Return each record word for word and omit the pictures.

(Material for the task Opens)

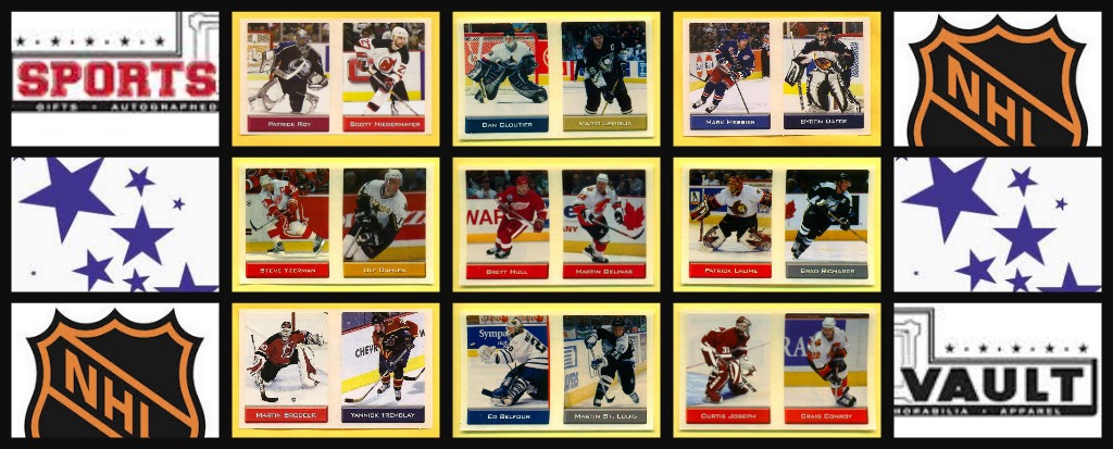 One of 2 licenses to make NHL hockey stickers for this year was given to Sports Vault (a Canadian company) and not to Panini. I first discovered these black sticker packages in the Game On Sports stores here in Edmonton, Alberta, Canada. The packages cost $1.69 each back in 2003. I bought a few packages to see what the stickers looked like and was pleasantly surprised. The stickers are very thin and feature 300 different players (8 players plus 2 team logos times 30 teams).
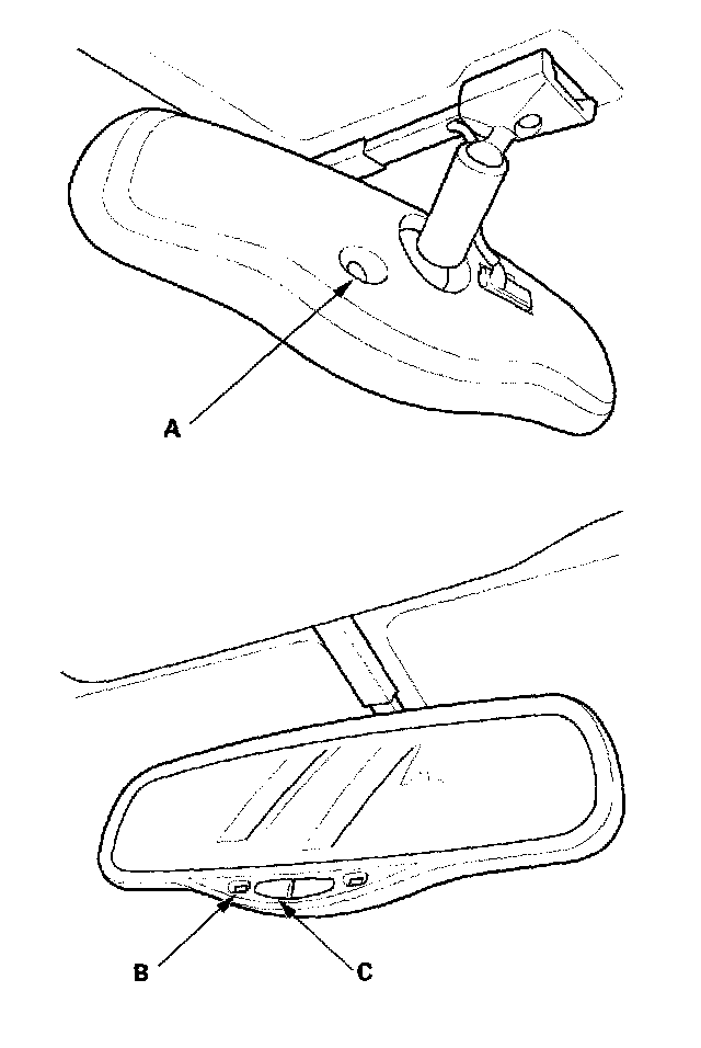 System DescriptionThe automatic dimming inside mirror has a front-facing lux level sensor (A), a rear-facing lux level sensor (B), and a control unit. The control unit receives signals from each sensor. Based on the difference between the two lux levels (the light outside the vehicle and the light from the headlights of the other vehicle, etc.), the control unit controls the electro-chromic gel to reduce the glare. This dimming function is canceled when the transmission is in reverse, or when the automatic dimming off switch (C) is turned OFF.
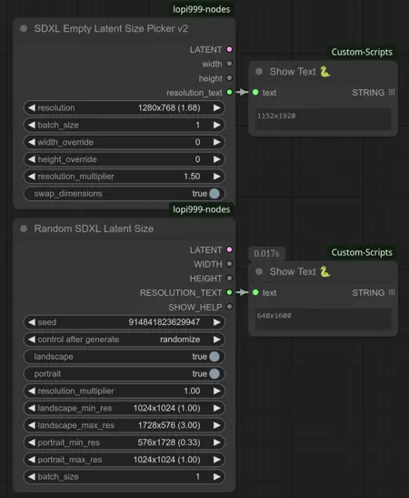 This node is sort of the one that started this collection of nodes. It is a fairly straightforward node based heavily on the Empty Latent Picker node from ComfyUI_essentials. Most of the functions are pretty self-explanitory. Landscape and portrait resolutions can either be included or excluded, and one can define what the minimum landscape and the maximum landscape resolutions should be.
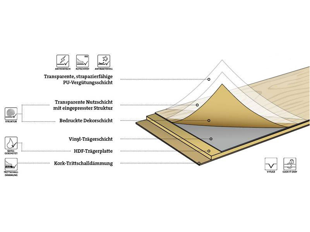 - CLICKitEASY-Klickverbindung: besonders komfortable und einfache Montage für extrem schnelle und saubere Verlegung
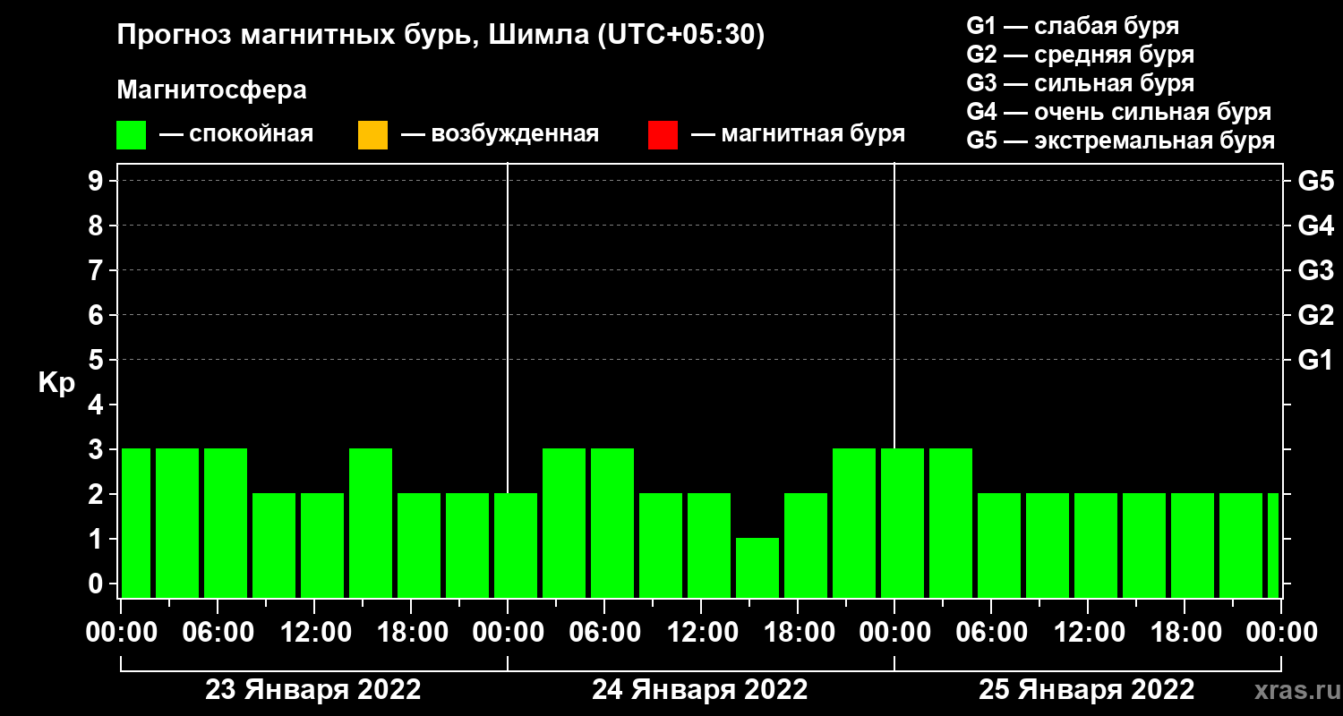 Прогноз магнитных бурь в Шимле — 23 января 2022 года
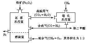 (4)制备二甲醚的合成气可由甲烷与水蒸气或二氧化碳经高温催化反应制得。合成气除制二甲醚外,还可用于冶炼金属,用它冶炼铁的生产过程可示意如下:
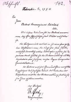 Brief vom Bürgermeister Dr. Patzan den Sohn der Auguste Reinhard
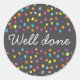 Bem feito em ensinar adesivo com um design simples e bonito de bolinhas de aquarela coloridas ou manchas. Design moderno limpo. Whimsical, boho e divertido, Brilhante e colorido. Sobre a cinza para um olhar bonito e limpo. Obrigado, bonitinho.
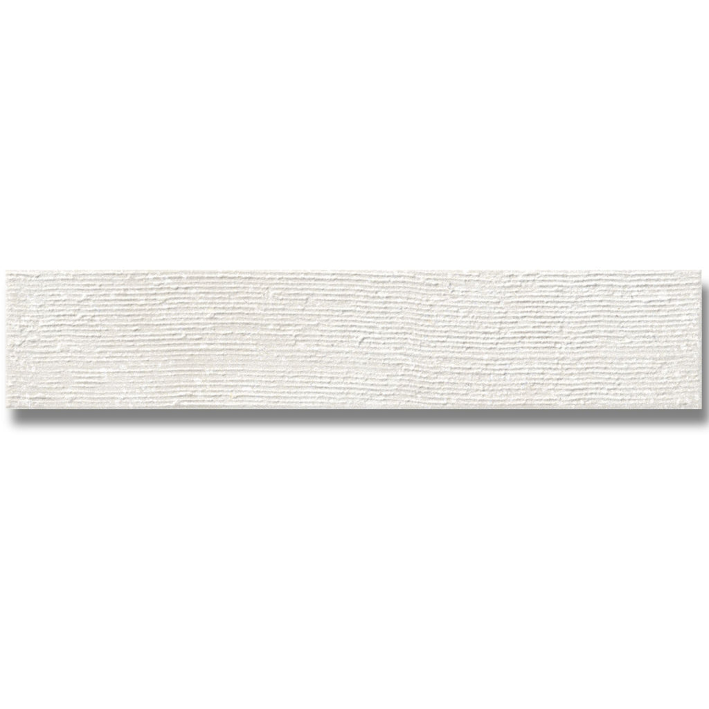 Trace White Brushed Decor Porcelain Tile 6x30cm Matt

(Material for the task Closes)

• Result of this exercise:
 One of 2 licenses to make NHL hockey stickers for this year was given to Sports Vault (a Canadian company) and not to Panini. I first discovered these black sticker packages in the Game On Sports stores here in Edmonton, Alberta, Canada. The packages cost $1.69 each back in 2003. I bought a few packages to see what the stickers looked like and was pleasantly surprised. The stickers are very thin and feature 300 different players (8 players plus 2 team logos times 30 teams).
 System DescriptionThe automatic dimming inside mirror has a front-facing lux level sensor (A), a rear-facing lux level sensor (B), and a control unit. The control unit receives signals from each sensor. Based on the difference between the two lux levels (the light outside the vehicle and the light from the headlights of the other vehicle, etc.), the control unit controls the electro-chromic gel to reduce the glare. This dimming function is canceled when the transmission is in reverse, or when the automatic dimming off switch (C) is turned OFF.
 This node is sort of the one that started this collection of nodes. It is a fairly straightforward node based heavily on the Empty Latent Picker node from ComfyUI_essentials. Most of the functions are pretty self-explanitory. Landscape and portrait resolutions can either be included or excluded, and one can define what the minimum landscape and the maximum landscape resolutions should be.
 - CLICKitEASY-Klickverbindung: besonders komfortable und einfache Montage für extrem schnelle und saubere Verlegung
 Прогноз магнитных бурь в Шимле — 23 января 2022 года
 (4)制备二甲醚的合成气可由甲烷与水蒸气或二氧化碳经高温催化反应制得。合成气除制二甲醚外,还可用于冶炼金属,用它冶炼铁的生产过程可示意如下:
 Brief vom Bürgermeister Dr. Patzan den Sohn der Auguste Reinhard
 Bem feito em ensinar adesivo com um design simples e bonito de bolinhas de aquarela coloridas ou manchas. Design moderno limpo. Whimsical, boho e divertido, Brilhante e colorido. Sobre a cinza para um olhar bonito e limpo. Obrigado, bonitinho.
 Trace White Brushed Decor Porcelain Tile 6x30cm Matt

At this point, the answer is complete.